Search the records below for the word "your". Pull out each line that has it.

─── INPUT DATA

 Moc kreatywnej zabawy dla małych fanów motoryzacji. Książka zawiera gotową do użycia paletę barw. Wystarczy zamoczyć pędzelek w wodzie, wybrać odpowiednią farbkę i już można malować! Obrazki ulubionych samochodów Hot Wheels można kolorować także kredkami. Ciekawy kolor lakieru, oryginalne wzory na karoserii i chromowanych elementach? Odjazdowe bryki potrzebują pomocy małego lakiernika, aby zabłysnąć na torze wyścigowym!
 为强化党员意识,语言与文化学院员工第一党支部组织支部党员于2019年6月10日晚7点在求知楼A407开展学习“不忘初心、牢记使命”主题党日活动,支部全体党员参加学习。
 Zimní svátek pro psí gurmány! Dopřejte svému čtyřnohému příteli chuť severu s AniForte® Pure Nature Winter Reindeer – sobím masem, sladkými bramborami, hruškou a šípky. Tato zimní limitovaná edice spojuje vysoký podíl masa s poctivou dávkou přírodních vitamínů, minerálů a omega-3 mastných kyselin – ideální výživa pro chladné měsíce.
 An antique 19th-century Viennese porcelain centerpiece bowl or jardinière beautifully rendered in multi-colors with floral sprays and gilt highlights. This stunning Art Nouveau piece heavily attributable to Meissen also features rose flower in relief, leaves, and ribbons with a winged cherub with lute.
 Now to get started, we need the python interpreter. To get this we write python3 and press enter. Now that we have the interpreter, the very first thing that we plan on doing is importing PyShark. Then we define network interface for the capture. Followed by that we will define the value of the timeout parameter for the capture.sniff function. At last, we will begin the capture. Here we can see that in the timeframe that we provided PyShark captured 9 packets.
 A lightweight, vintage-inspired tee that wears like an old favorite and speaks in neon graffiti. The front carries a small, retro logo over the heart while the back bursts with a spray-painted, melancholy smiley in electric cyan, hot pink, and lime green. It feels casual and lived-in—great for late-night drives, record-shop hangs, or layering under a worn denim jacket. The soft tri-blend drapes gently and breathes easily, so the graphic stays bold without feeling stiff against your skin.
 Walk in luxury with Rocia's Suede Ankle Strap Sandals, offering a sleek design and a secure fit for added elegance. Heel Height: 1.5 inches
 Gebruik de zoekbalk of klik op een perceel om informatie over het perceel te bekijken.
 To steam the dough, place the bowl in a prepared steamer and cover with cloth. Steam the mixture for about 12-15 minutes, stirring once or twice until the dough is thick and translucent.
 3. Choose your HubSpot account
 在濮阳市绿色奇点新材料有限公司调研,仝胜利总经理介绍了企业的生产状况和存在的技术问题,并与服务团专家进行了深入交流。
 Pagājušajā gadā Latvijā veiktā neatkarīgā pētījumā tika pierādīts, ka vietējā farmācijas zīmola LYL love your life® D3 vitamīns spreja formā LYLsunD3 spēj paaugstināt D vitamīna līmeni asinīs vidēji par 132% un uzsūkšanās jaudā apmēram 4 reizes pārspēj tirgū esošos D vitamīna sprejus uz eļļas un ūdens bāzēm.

──────

ANSWER BELOW
 A lightweight, vintage-inspired tee that wears like an old favorite and speaks in neon graffiti. The front carries a small, retro logo over the heart while the back bursts with a spray-painted, melancholy smiley in electric cyan, hot pink, and lime green. It feels casual and lived-in—great for late-night drives, record-shop hangs, or layering under a worn denim jacket. The soft tri-blend drapes gently and breathes easily, so the graphic stays bold without feeling stiff against your skin.
 3. Choose your HubSpot account
 Pagājušajā gadā Latvijā veiktā neatkarīgā pētījumā tika pierādīts, ka vietējā farmācijas zīmola LYL love your life® D3 vitamīns spreja formā LYLsunD3 spēj paaugstināt D vitamīna līmeni asinīs vidēji par 132% un uzsūkšanās jaudā apmēram 4 reizes pārspēj tirgū esošos D vitamīna sprejus uz eļļas un ūdens bāzēm.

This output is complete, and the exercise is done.